Silly me. I know myself well enough to know that as soon as I allow laziness and unwillingness to creep in, I start to get complacent and numb in other aspects of my life. My laziness becomes an avenue of distraction that the enemy uses. Then, I become distracted by my inability that God's gracious and merciful nature become difficult to recognize, because my vision is so fogged by pride. My prayers become selfish, I get irritable, my thoughts become self-deprecating, and then I feel stuck. And then I get anxious, because that's not me, that's not the woman I recognize, her thoughts aren't true and noble, they are skewed and misinformed.

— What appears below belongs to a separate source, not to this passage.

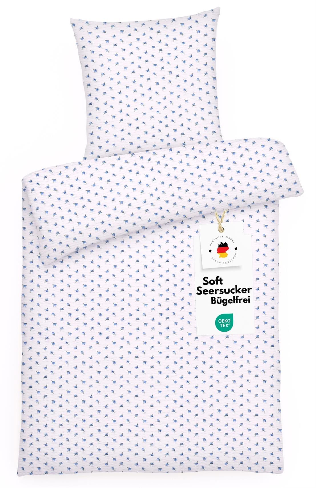 Der Seersucker-Effekt verhindert, dass die Baumwollbettwäsche vollständig auf der Haut liegt. Die Luftschicht, die so zwischen Haut und Bettdecke entsteht, fördert die Luftzirkulation: Die Haut kann atmen und es entsteht ein leichter Klimatisierungseffekt, der übermäßige Schweißbildung verhindern kann und dafür sorgt, dass der Bezug für die Bettdecke nicht unangenehm an der Haut klebt. Darüber hinaus ist die sommerlich leichte Bettwäsche in traumhafter Qualität luftdurchlässig und somit temperaturregulierend, nimmt Feuchtigkeit gut auf und trocknet recht schnell. Für alle die es generell etwas kühler mögen sind Kopfkissenbezug und Deckenbezug aber auch ideal ganzjährig als Ganzjahresbettwäsche geeignet.

Someone I consider very wise and inspiring wrote "don't let your failures talk you out of God's grace." And I think that's so simple but also so profound. There have been countless failures and shortcomings in my life. I've hurt people, said things I regret, and done things I'll never forget, but that didn't stop Jesus from saying "she's worth it". And because of my failures, lack of willingness, funks, laziness, or complacency, He is even more after my heart. He doesn't mind reminding us of what our purpose is, He uses the mundane and weary days to give us a gentle pat on the back and say "hey girl, get up, let's keep going, I've got you, just trust me."

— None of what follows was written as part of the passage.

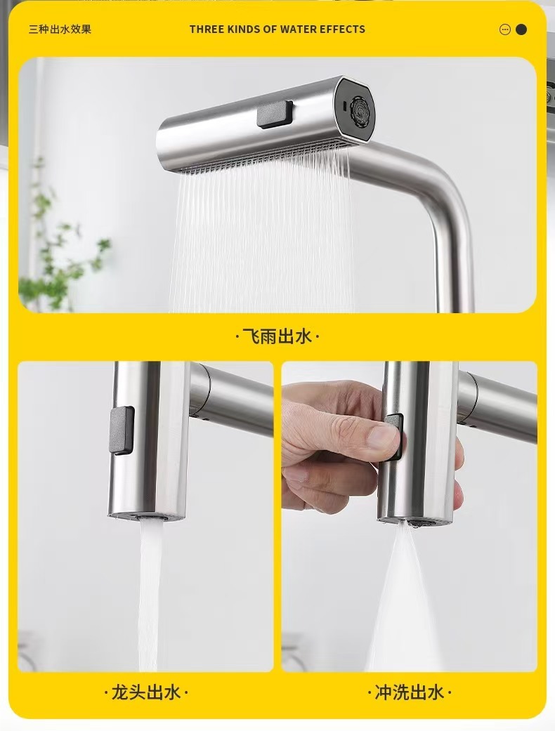 外贸不锈钢冷热抽拉飞雨瀑布龙头家用洗碗池洗菜盆水槽厨房水龙头,批发价,价格:40,厂家直销,外贸不锈钢冷热抽拉飞雨瀑布龙头家用洗碗池洗菜盆水槽厨房水龙头,免费拿样。

Today, I'm clinging to Psalm 23. Again and again, I will remember that He leads me to still waters and green pastures because He loves me. I believe that God desires that we have a greater fear of not trusting Him rather than a fear of failing at our next step. God's not afraid of what we don't think we're capable of doing or any of the failures before us, He will see those through. He just wants YOU + ME!
He's on our team, the team of Grace and Mercy.
Grace and Mercy that is meant for every day. Grace that was sent to earth to live a life of Perfect Love and Mercy that we have been given through the Hope of Heaven some day.
On the good, the bad, the mundane, and even the psycho crazy days. His Grace and His Mercy are so near, let's walk in it together. You and I, together, let's not get distracted by what we can do in our limited power, but let's fixate on the truth that our Creator is Sovereign over our days, and He goes before us when we live in surrender.
Say this with me...
"Hey God, you've got this. I'm here. No matter what my heart feels, you are what's true. No matter what lies swarm my mind, you are what's true. Your Love is real and it is running after me. I trust you with this very breath that is entering my lungs, and I trust you with the days I grow older. Give me a renewed spirit and a bit of joy to walk in today. I love you and praise you for today!"
I'm proud of you friend. Keep showing up. Keep going. And keep shining bright for all the world to see! You are incredibly loved!